Bei den aktuellen Modellen sind ja standardmäßig 105mm Gabeln verbaut.

Gruß

Weizenbiker


----------



## LB Jörg (11. Oktober 2004)

Ja des Reaper.

G.


----------



## MTB-News.de




----------



## Weizenbiker (11. Oktober 2004)

Danke, alter Lette

wie bist du denn mit dem guten Teil zufrieden ?

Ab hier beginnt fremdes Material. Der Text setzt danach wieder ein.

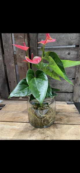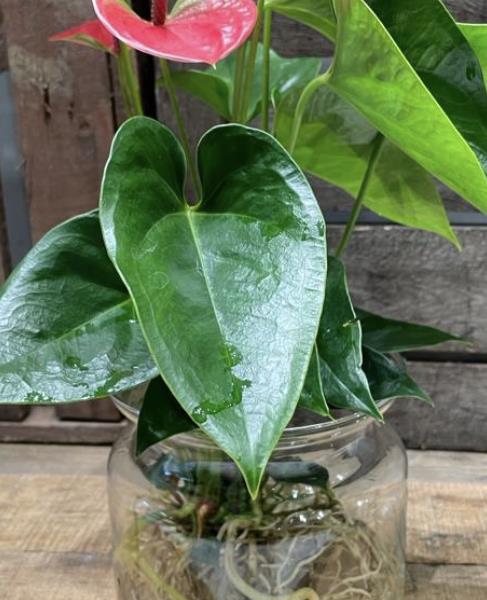 Anthurium pink in glass vase comes in a clear glass vase, allowing you to admire its twining network of roots. This eyecatching soiless display makes a fascinating focal point that captures the latest trend for hydroponic house plants. This bareroot Anthurium is easy to grow
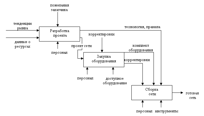 Нужно заметить, что здесь и далее на входе будет результат предыдущих процессов, как то - на этапе закупки оборудования мы пользуемся разработанной ранее схемой. К ней на входе добавляются деньги, выделенные на закупку оборудования. Ресурсами является всё оборудование, предоставляемое поставщиками, управляющим фактором – соответствие комплектации. На выходе мы получаем набор оборудования для конкретно нашей сети.
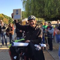 El profesor José M. Reina del Valle ha sido recibido por la alcaldesa y un grupo de familiares, amigos y alumnos en el Parque Centro poniendo fin a su gesta tras recorrer en bicicleta más de 33.000 km de Alaska a Tierra del Fuego.
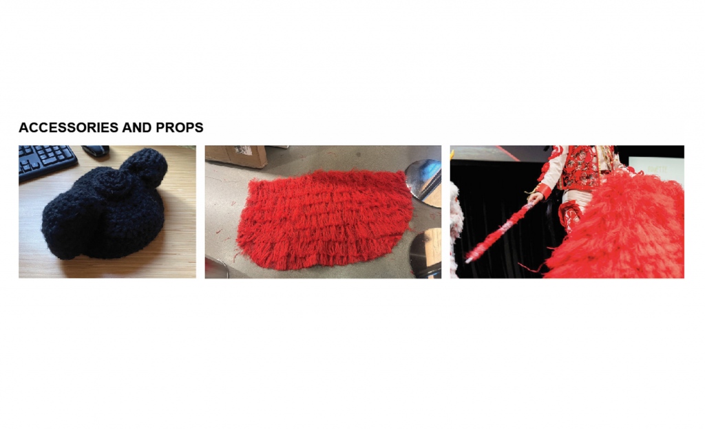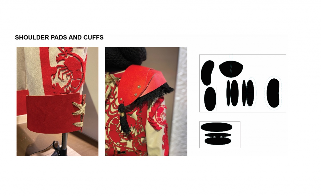 After the pieces were cut, we added some sparkles, tassels and additional patterned cut pieces that could be applied to the costume sleeves. To provide an accent to the leg cut-outs, the team used felt to create a three dimensional edge mimicking lobster tails.
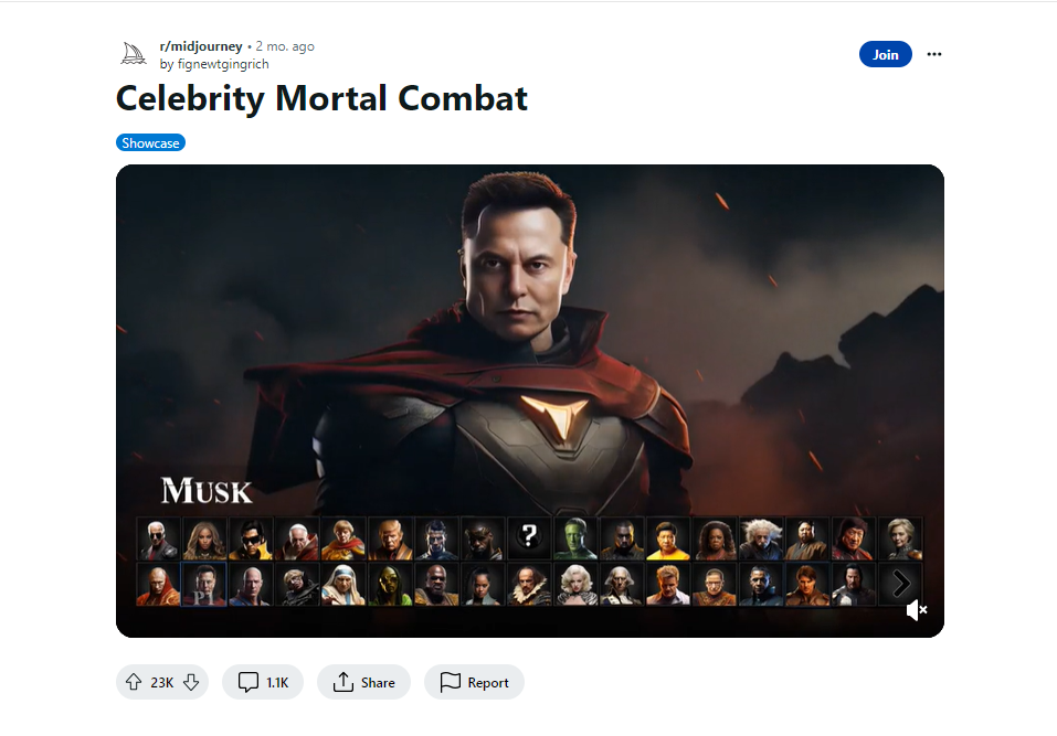 Вместо замены дизайнеров Midjourney генерирует Илона Маска в Mortal Kombat
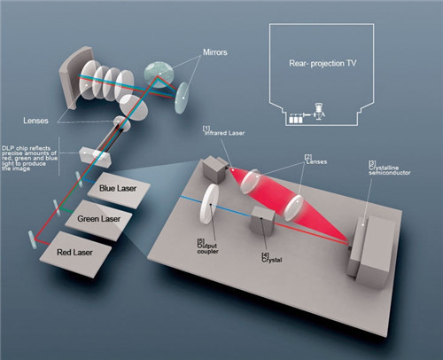 一個(ge) 激光器總是發射確定波長和顏色的光線,可以通過在激光器前麵安裝專(zhuan) 門的晶體(ti) 或光導生成紅綠藍顏色,然後在這些材料內(nei) 通過所謂的聚焦將激光轉化成期望的顏色。放映時,將紅綠藍數據送到激光單元內(nei) 部的調製解調器上,視頻數據通過調幅轉換成光學信息,帶有紅綠藍光線的三分射線組合成單一的激光射線,而包含所有圖像信息的激光束再通過光纜送到放映頭,最後投射到銀幕上。
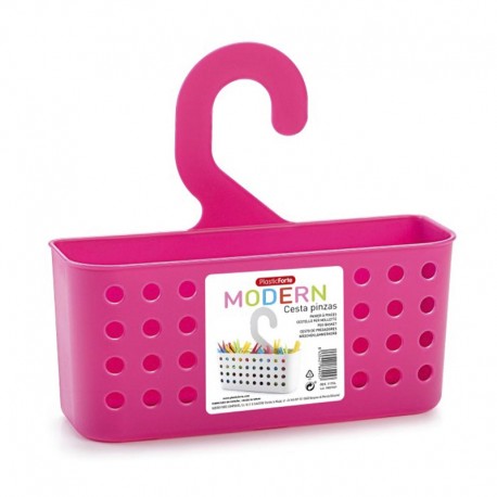 Es una práctica cesta para tener a mano las pinzas para tender la ropa.
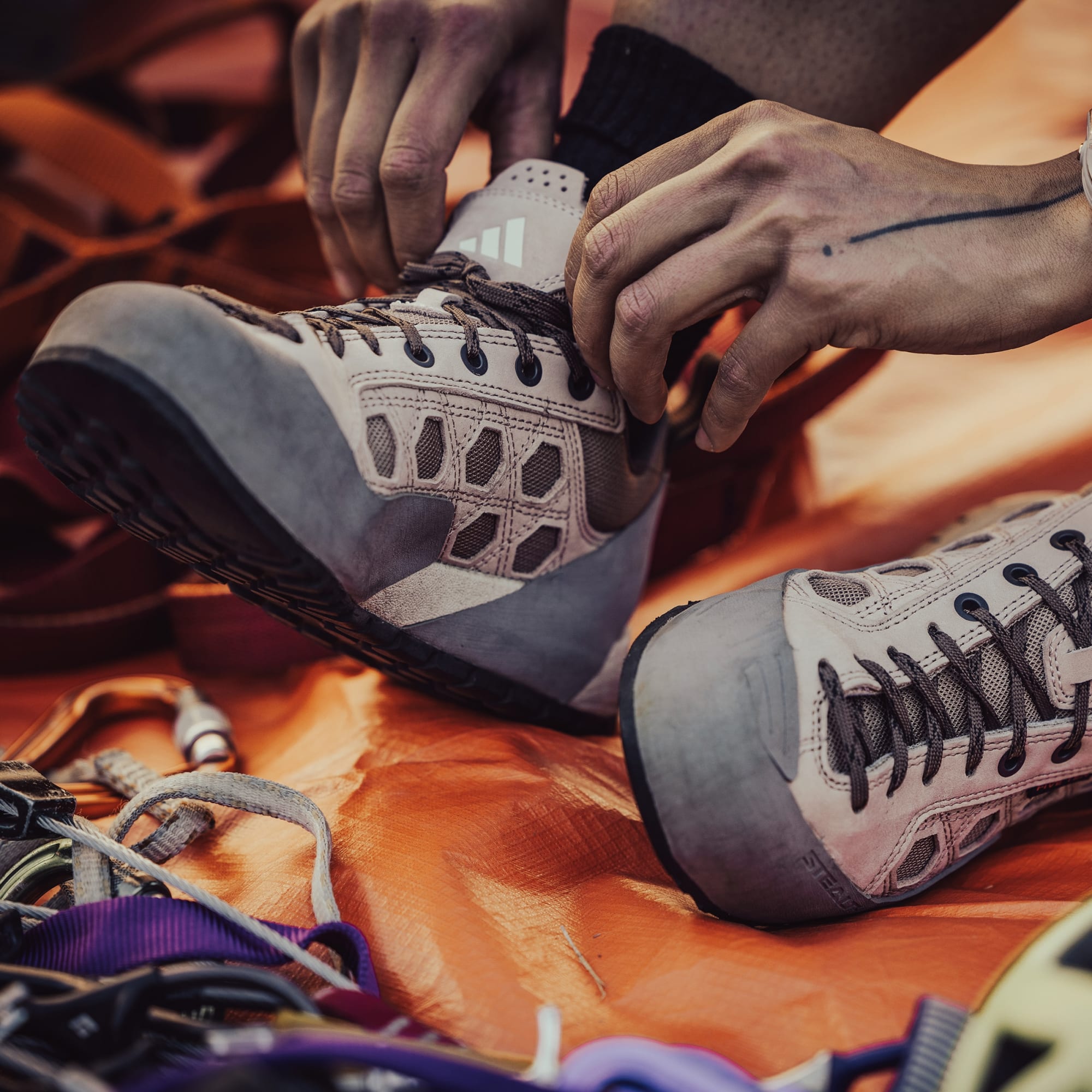Le scarpe Guide Tennie sono realizzate da adidas per chi vuole crearsi il proprio sentiero e affrontare le sfide della camminata e del climbing con sicurezza e facilità. La robusta tomaia in pelle offre un supporto affidabile, mentre la fodera in tessuto mantiene il comfort. L'iconica chiusura con lacci offre una calzata sicura per le superfici più impegnative. La suola in gomma Stealth® Phantom offre un grip affidabile su terreni irregolari. Eredi della storia di adidas performance, queste scarpe sono per chi cerca la libertà nel climbing.
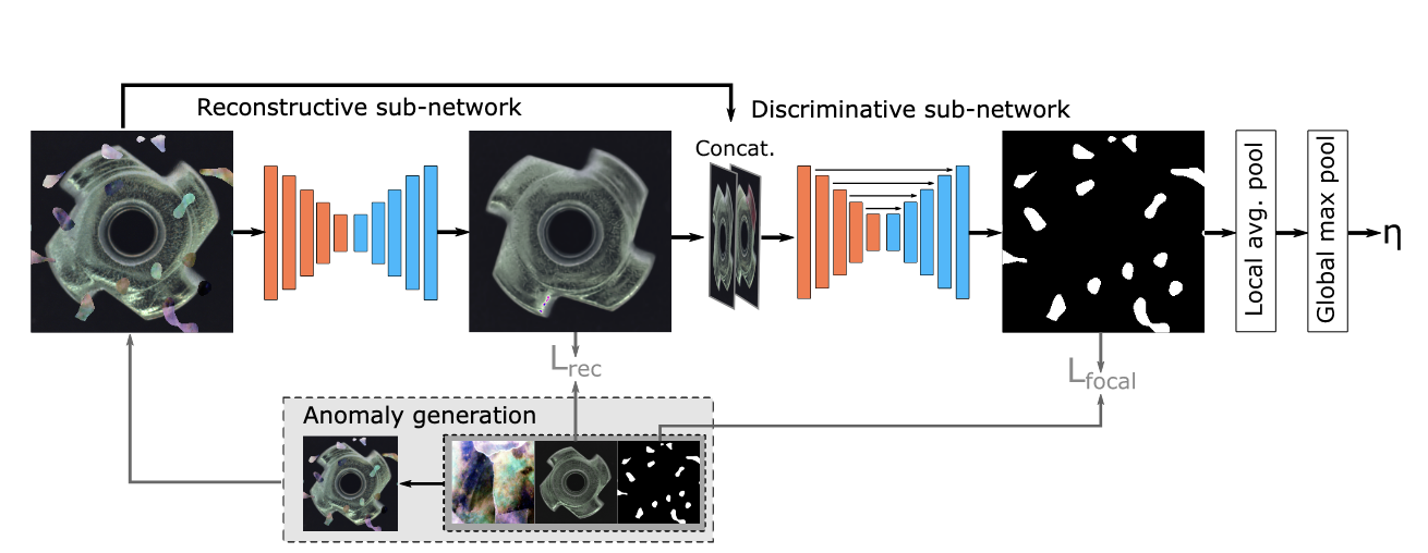 - 표면 이상 탐지를 discriminative task로 접근 → DRÆM (Discriminatively trained Reconstruction Anomaly Embedding Model) 제안
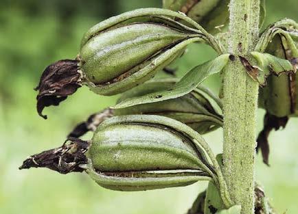 Pukající plody kruštíku širolistého. Z prasklých švů tobolky vypadávají drobná semena.

Kann man damit nicht nur bergab, sondern auch einigermaßen vernünftig ne Tour fahren ?

Gruß

Weizenbiker


----------



## LB Jörg (11. Oktober 2004)

In der richtigen Größe ist das Rad voll Tourentauglich. 
Bin selbst schon 10000000Touren damit gefahren 
Unsere Standarttour hat ca.900 Hm. 
Hab sogar eine Rohloffnabe drinn.
Hab zwar eine Psylo reingebastelt gehabt. Bin aber so gut wie immer mit 125mm Federweg gefahren.
Sind Bilder davon hier im Rocky Mountain....ähh....ja da wo man halt sein Bild reinmachen kann drinn. Oder auf unserer Hp.
Und bergab geht das Rad wie ein Traum 

G.


----------



## chickenway-user (12. Oktober 2004)

ähhm, das repear gibts ja (leider) nicht mehr. der nachfolger heißt flow und ist auch recht tourentauglich (war damit schon auf dem altissimo = 2000 hm, und am weekend bin ich auch wieder 2000 hm gefahren...

bilder davon gibts in meiner gallerie!


----------